Grundsteuer Barleben, Sachsen-Anhalt - Bodenzins, Hebesatz 2026


Berechnen Sie einen individuellen Grundsteuerpreis

Jetzt Grundsteuer berechnen

zuletzt aktualisiert: 2026-05-22 20:35:31

Grundsteuer in Barleben, Sachsen-Anhalt: Ein Überblick

Die Grundsteuer ist eine der wichtigsten Einnahmequellen für Städte und Gemeinden in Deutschland. Auch in Barleben, einer kleinen, aber wachsenden Gemeinde in Sachsen-Anhalt, spielt die Grundsteuer eine entscheidende Rolle bei der Finanzierung kommunaler Aufgaben. In diesem Artikel werfen wir einen Blick auf die aktuelle Situation der Grundsteuer in Barleben, ihre Entwicklung in der Vergangenheit und die Perspektiven für die Zukunft.
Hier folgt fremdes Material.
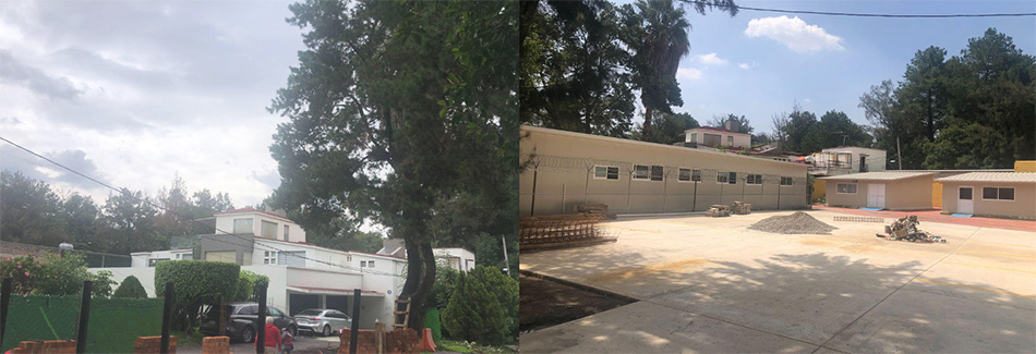 La imagen de la izquierda muestra la vista desde la calle Pérez Valenzuela de las dos casas ubicadas en la calle Retama. Ambos predios se encuentran bajo el registro catastral 052-372. De acuerdo con datos actualizados del INEGI, habría un registro de hasta tres viviendas dentro de los Viveros con un total de 12 habitantes. Estas y otras evidencias, como la remodelación entre 2014 y 2017 del primer domicilio de acuerdo con fotografías de Google Maps, con la cual se le añadió un tercer piso y una terraza, constatan que este espacio es ocupado con un uso de suelo contrario a lo que dispone el artículo 46 fracción Ill de la Ley General del Equilibrio Ecológico y Protección al Ambiente que considera a los parques nacionales como áreas naturales protegidas; además, desde luego, de ser ésta zona federal y jamás haberse cedido legalmente en calidad de propiedad privada. Mientras que la imagen de la derecha muestra el Concejo de la alcaldía Coyoacán, actualmente rehabilitado y apropiado ilegalmente por la alcaldía.

Aktuelle Werte der Grundsteuer in Barleben

Die Grundsteuer in Barleben wird, wie in ganz Deutschland, in zwei Kategorien unterteilt: die Grundsteuer A für landwirtschaftliche Flächen und die Grundsteuer B für bebaute oder bebaubare Grundstücke. Die Hebesätze für diese Steuerarten werden von der Gemeinde festgelegt und können daher variieren.

Steuerart Hebesatz 2023
Grundsteuer A 300%
Grundsteuer B 400%

Vergangenheit: Eine Rückschau auf die Entwicklung

In den letzten Jahrzehnten hat sich Barleben von einer ländlichen Gemeinde zu einem attraktiven Wohnort in der Nähe von Magdeburg entwickelt. Diese Entwicklung hat auch die Grundsteuer beeinflusst. In den 1990er Jahren lagen die Hebesätze für die Grundsteuer noch deutlich niedriger. Mit dem Wachstum der Gemeinde und der steigenden Nachfrage nach Wohnraum wurden die Hebesätze angehoben, um die notwendige Infrastruktur und Dienstleistungen finanzieren zu können.

Perspektiven für die Zukunft

Barleben hat sich als attraktiver Standort für Familien und Unternehmen etabliert. Die Nähe zur Landeshauptstadt Magdeburg und die gute Verkehrsanbindung tragen zur positiven Entwicklung bei. In Zukunft wird erwartet, dass die Grundsteuer weiterhin eine wichtige Finanzierungsquelle bleibt, um Investitionen in Bildung, Verkehr und öffentliche Einrichtungen zu ermöglichen.

Gründe für die Entwicklung

Die Erhöhung der Grundsteuerhebesätze in Barleben kann auf mehrere Faktoren zurückgeführt werden. Zum einen führt die positive wirtschaftliche Entwicklung und das Bevölkerungswachstum zu einem erhöhten Finanzierungsbedarf für Infrastrukturprojekte. Zum anderen spielt die Anpassung an die Hebesätze umliegender Gemeinden eine Rolle, um konkurrenzfähig zu bleiben und gleichzeitig den kommunalen Haushalt zu sichern.

Ortsübliche Beispielrechnungen

Um die Auswirkungen der Grundsteuer auf die Bewohner von Barleben zu veranschaulichen, betrachten wir einige ortsübliche Beispielrechnungen:

Beispiel 1: Einfamilienhaus mit einem Einheitswert von 50.000 Euro
Berechnung: 50.000 Euro x 0,35% x 400% = 700 Euro pro Jahr

Beispiel 2: Mehrfamilienhaus mit einem Einheitswert von 150.000 Euro
Berechnung: 150.000 Euro x 0,35% x 400% = 2.100 Euro pro Jahr

Beispiel 3: Landwirtschaftliche Fläche mit einem Einheitswert von 20.000 Euro
Berechnung: 20.000 Euro x 0,35% x 300% = 210 Euro pro Jahr

Diese Beispielrechnungen verdeutlichen, wie sich die Grundsteuer auf die finanziellen Verpflichtungen der Grundstückseigentümer in Barleben auswirkt.